:: Dataset entries ::

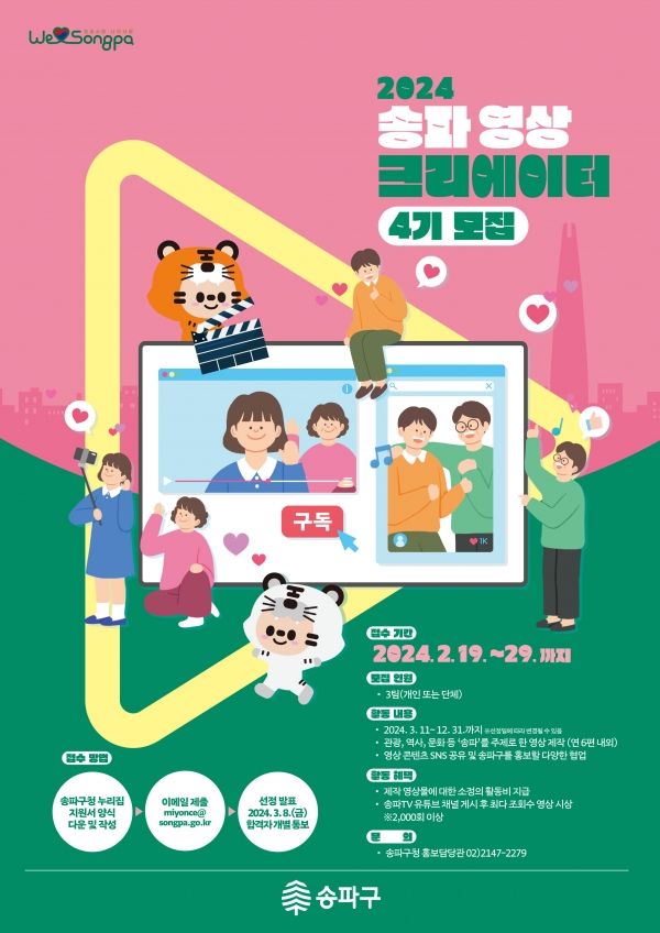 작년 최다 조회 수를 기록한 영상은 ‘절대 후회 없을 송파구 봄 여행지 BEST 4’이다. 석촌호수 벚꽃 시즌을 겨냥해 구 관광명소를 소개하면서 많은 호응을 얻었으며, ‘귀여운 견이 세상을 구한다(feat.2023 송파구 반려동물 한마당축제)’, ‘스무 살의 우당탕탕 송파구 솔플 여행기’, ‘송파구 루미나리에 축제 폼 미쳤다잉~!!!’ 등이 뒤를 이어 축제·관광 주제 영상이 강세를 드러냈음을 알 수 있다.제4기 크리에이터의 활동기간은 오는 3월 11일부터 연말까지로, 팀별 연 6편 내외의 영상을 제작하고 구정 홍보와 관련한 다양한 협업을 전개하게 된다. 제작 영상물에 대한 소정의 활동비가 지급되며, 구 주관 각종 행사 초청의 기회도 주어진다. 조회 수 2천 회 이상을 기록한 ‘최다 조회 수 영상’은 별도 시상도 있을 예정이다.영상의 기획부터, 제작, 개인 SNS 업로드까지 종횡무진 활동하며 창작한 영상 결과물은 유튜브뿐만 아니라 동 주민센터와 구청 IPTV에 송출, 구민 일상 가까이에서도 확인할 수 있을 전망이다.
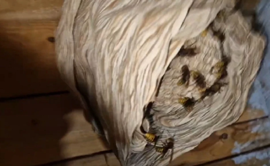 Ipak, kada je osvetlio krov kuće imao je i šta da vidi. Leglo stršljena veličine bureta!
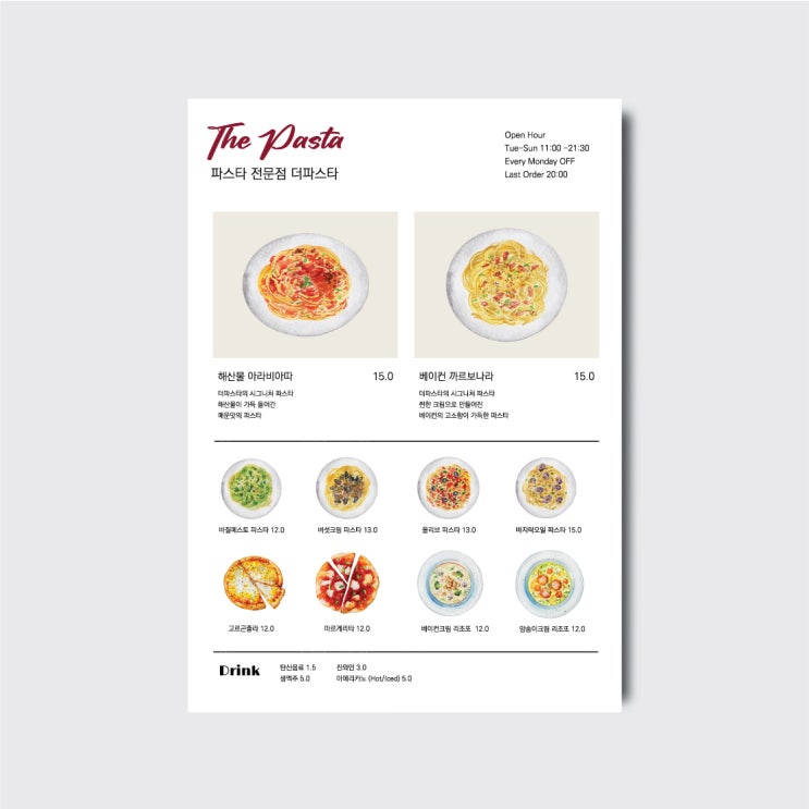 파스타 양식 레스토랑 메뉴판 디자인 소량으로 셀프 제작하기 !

:::
:: Dataset entries ::

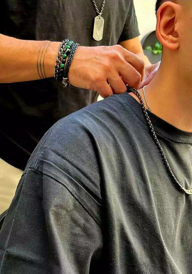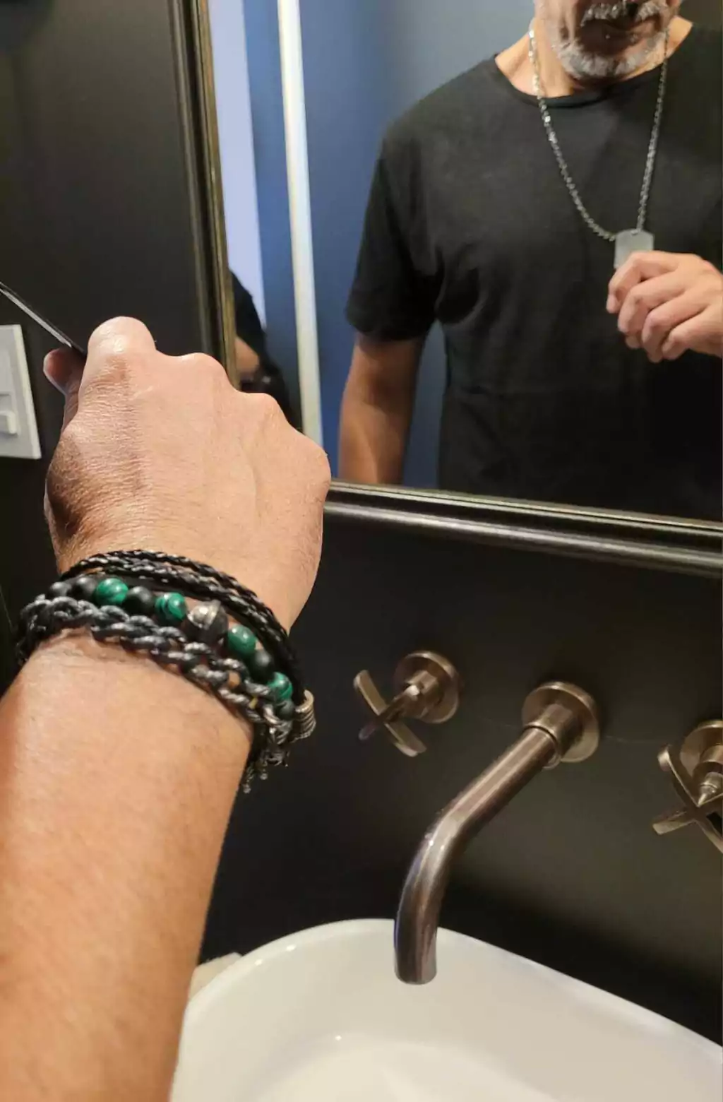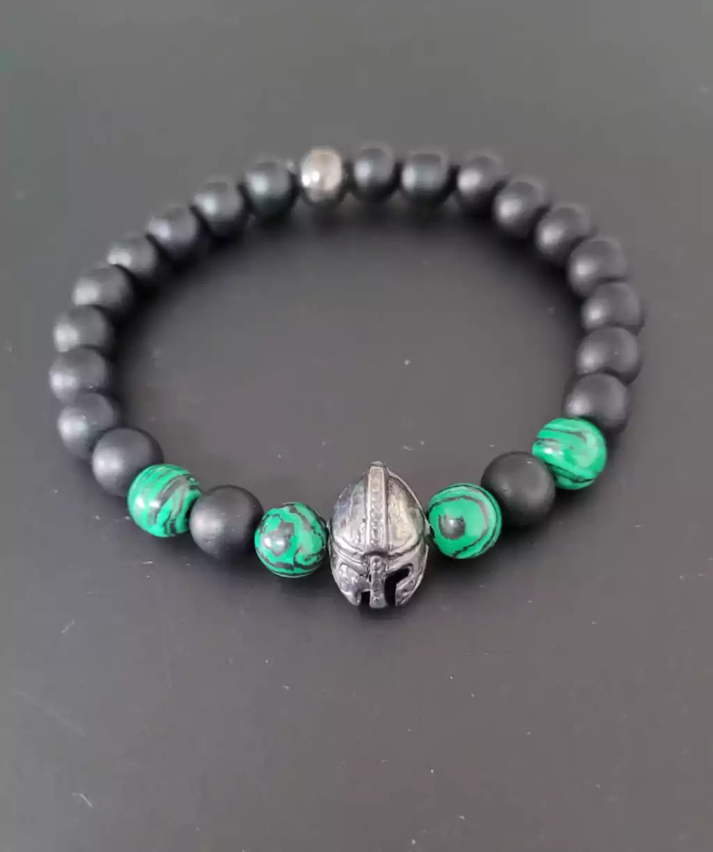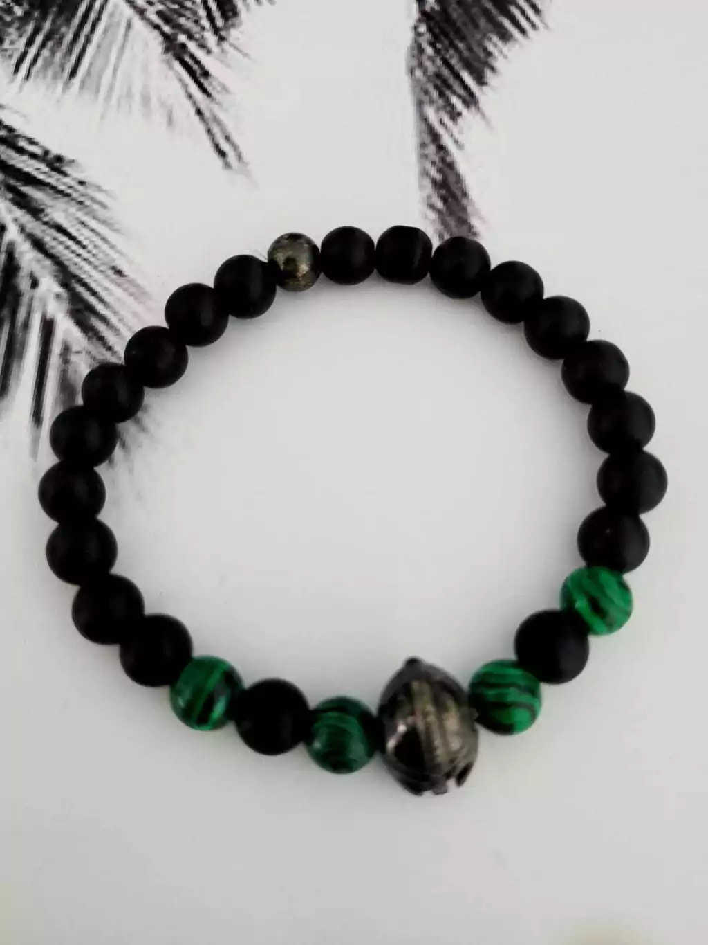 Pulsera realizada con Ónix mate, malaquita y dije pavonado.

:::

→ What the exercise asks:
When you reach the line holding "Ipak, kada je" in the listing above, begin retyping exactly, and stop once the line holding "파스타 양식 레스토랑 메뉴판 디자인 소량으로 셀프 제작하기 !" is done; pictures stay out.

→ Output of the exercise:
 Ipak, kada je osvetlio krov kuće imao je i šta da vidi. Leglo stršljena veličine bureta!
 파스타 양식 레스토랑 메뉴판 디자인 소량으로 셀프 제작하기 !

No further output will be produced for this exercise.